Collection entries:
========================================================================

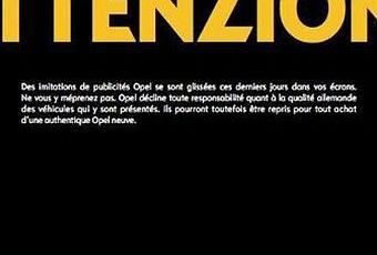 " Des imitations de publicités Opel se sont glissées ces derniers jours dans vos écrans. Ne vous y méprenez pas. Opel décline toute responsabilité quant à la qualité allemande des véhicules qui y sont présentés. Ils pourront toutefois être repris pour tout achat d'une autentique Opel neuve."
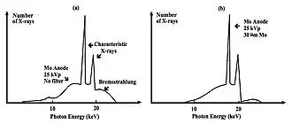 - Molybdenum (Mo) can be used instead of tungsten as the anode material in the X-ray tube (XRT). The Mo energy spectrum consists of K-Characteristic lines between 17 and 19 keV and a Bremsstrahlung continuum - see Figure 7.22. The Bremsstrahlung can be attenuated using an added Mo filter which preferentially eliminates the low energy radiation, that would otherwise be completely absorbed by the tissues and contribute little to image formation, as well as higher energy X-rays which would otherwise degrade subject contrast. This is an example of the application of K-edge filtration.
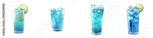 Blue Mocktail Drink with Ice Cubes and Lime Slice — Realistic Refreshing Summer Beverage Illustration — Isolated Transparent PNG Set
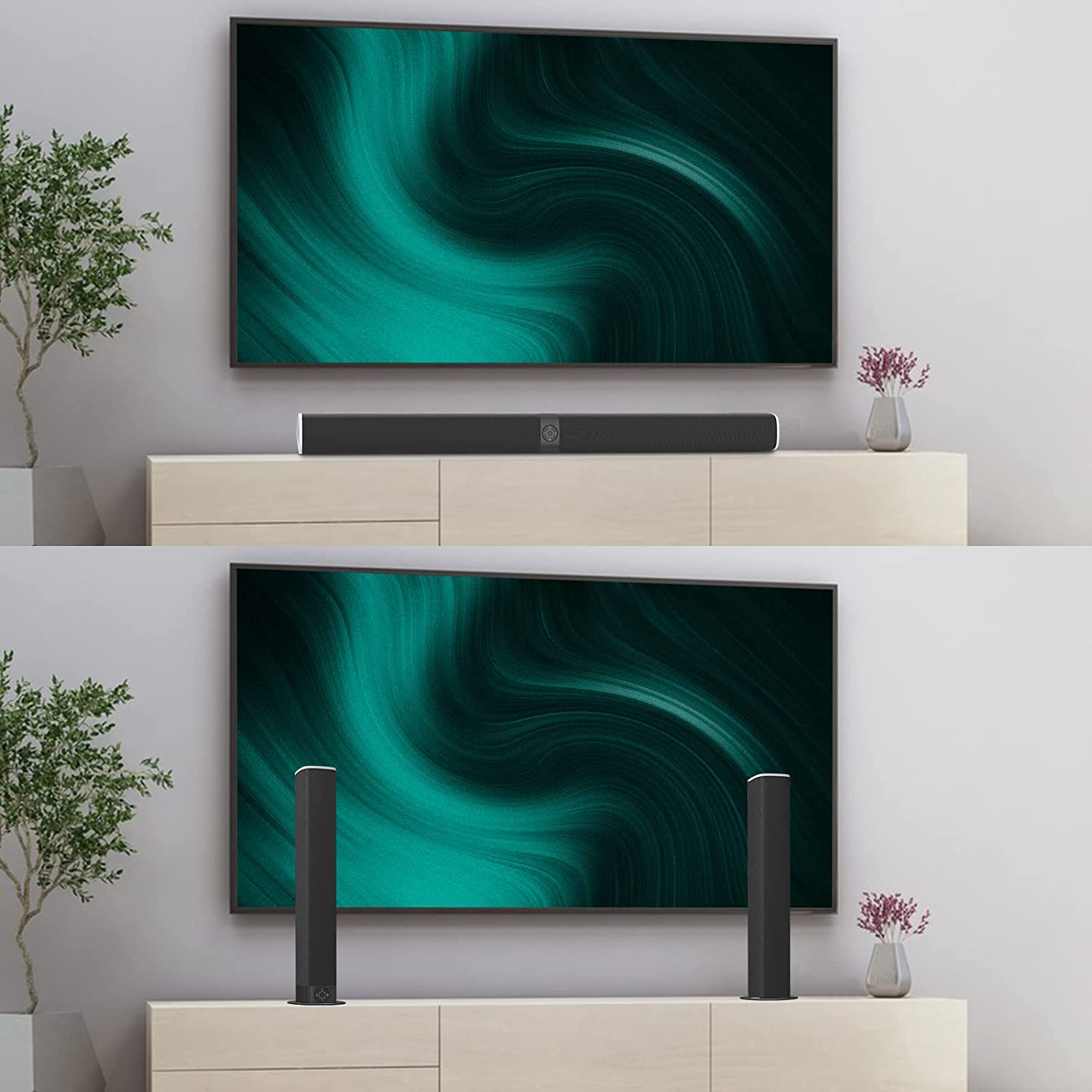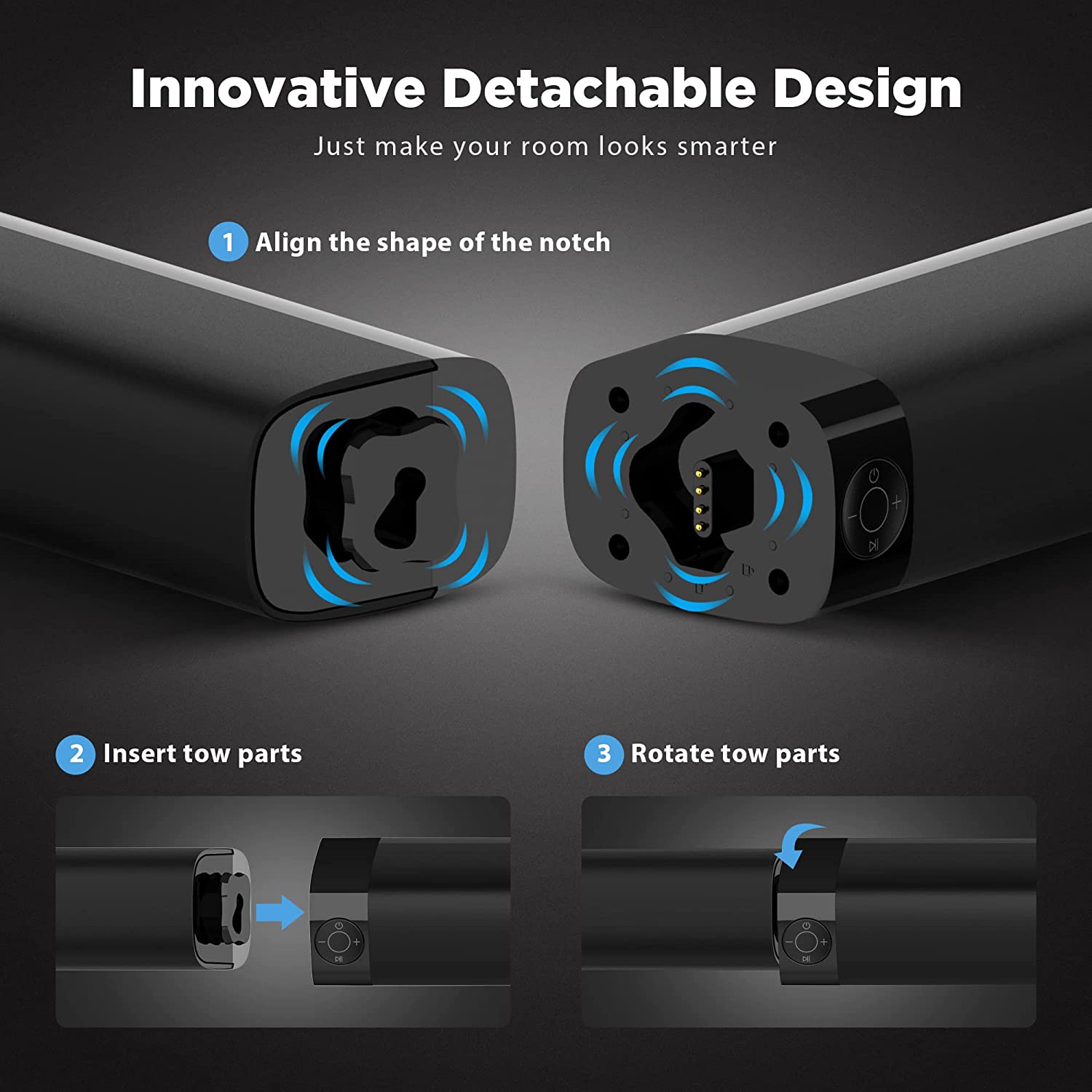 【Multiple Wired Connections+ 2 in 1 Detachable Design】: Optical/HDMI/AUX connections for almost devices. Innovative Detachable Design - Splits into 2 stereo soundbars and attaches to a base, space saving, retro and elegant, a great addition to your room.
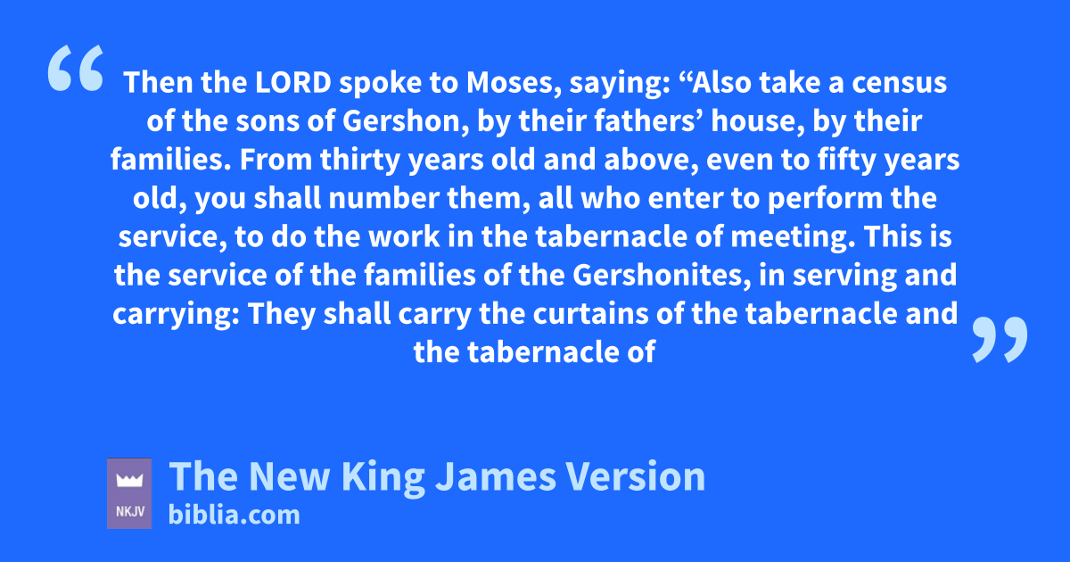 21 Then the Lord spoke to Moses, saying: 22 “Also take a census of the sons of xGershon, by their fathers’ house, by their families. 23 yFrom thirty years old and above, even to fifty years old, you shall number them, all who enter to perform the service, to do the work in the tabernacle of meeting. 24 This is the zservice of the families of the Gershonites, in serving and carrying: 25 aThey shall carry the bcurtains of the tabernacle and the tabernacle of meeting with its covering, the covering of cbadger skins that is on it, the screen for the door of the tabernacle of meeting, 26 the screen for the door of the gate of the court, the hangings of the court which are around the tabernacle and altar, and their cords, all the furnishings for their service and all that is made for these things: so shall they serve.
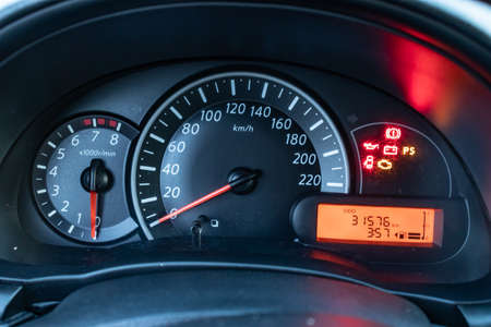 Close up shot of a speedometer in a car. Car dashboard. Dashboard details with indication lamps.Car instrument panel. Dashboard with speedometer, tachometer, odometer. Car detailing. Modern interior
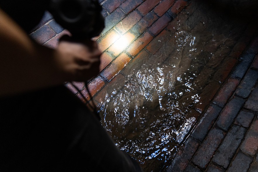 It can get quite humid underground, says Weisse, but on the day we visited there was a cool draft blowing through the tunnel. Visitors are advised to wear a mask because it can be quite smelly underground. When we visited, the water running through the tunnel was clear, but Weisse says it can get quite dirty.
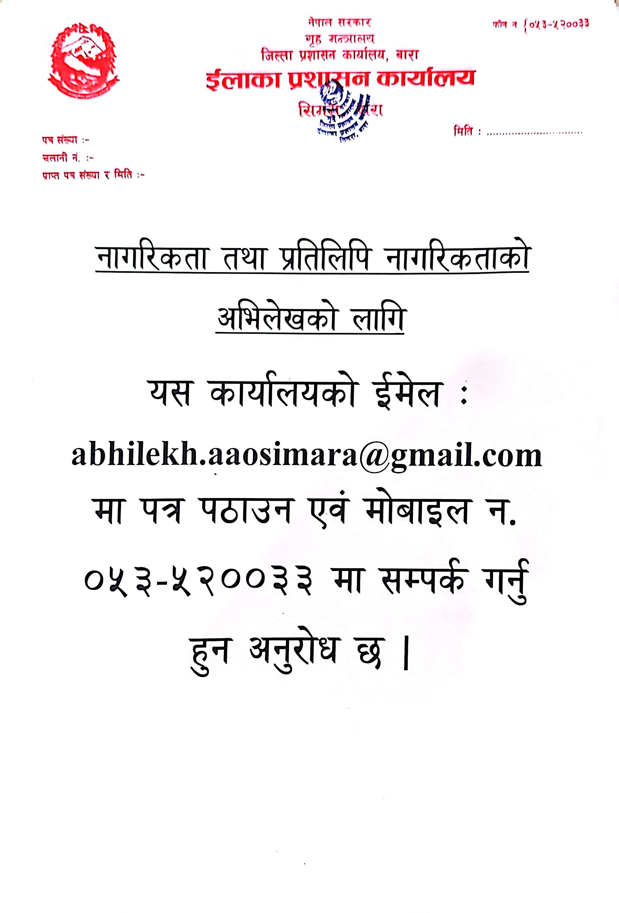 © सर्वाधिकार सुरक्षित ईलाका प्रशासन कार्यालय, सिमरा, बारा .

========================================================================

→ Directions for this task:
Above are the records; copy from them only the lines starting at the one containing "- Molybdenum (Mo)" and ending at the one containing "to your room.", exactly and without pictures.

→ Written solution:
 - Molybdenum (Mo) can be used instead of tungsten as the anode material in the X-ray tube (XRT). The Mo energy spectrum consists of K-Characteristic lines between 17 and 19 keV and a Bremsstrahlung continuum - see Figure 7.22. The Bremsstrahlung can be attenuated using an added Mo filter which preferentially eliminates the low energy radiation, that would otherwise be completely absorbed by the tissues and contribute little to image formation, as well as higher energy X-rays which would otherwise degrade subject contrast. This is an example of the application of K-edge filtration.
 Blue Mocktail Drink with Ice Cubes and Lime Slice — Realistic Refreshing Summer Beverage Illustration — Isolated Transparent PNG Set
 【Multiple Wired Connections+ 2 in 1 Detachable Design】: Optical/HDMI/AUX connections for almost devices. Innovative Detachable Design - Splits into 2 stereo soundbars and attaches to a base, space saving, retro and elegant, a great addition to your room.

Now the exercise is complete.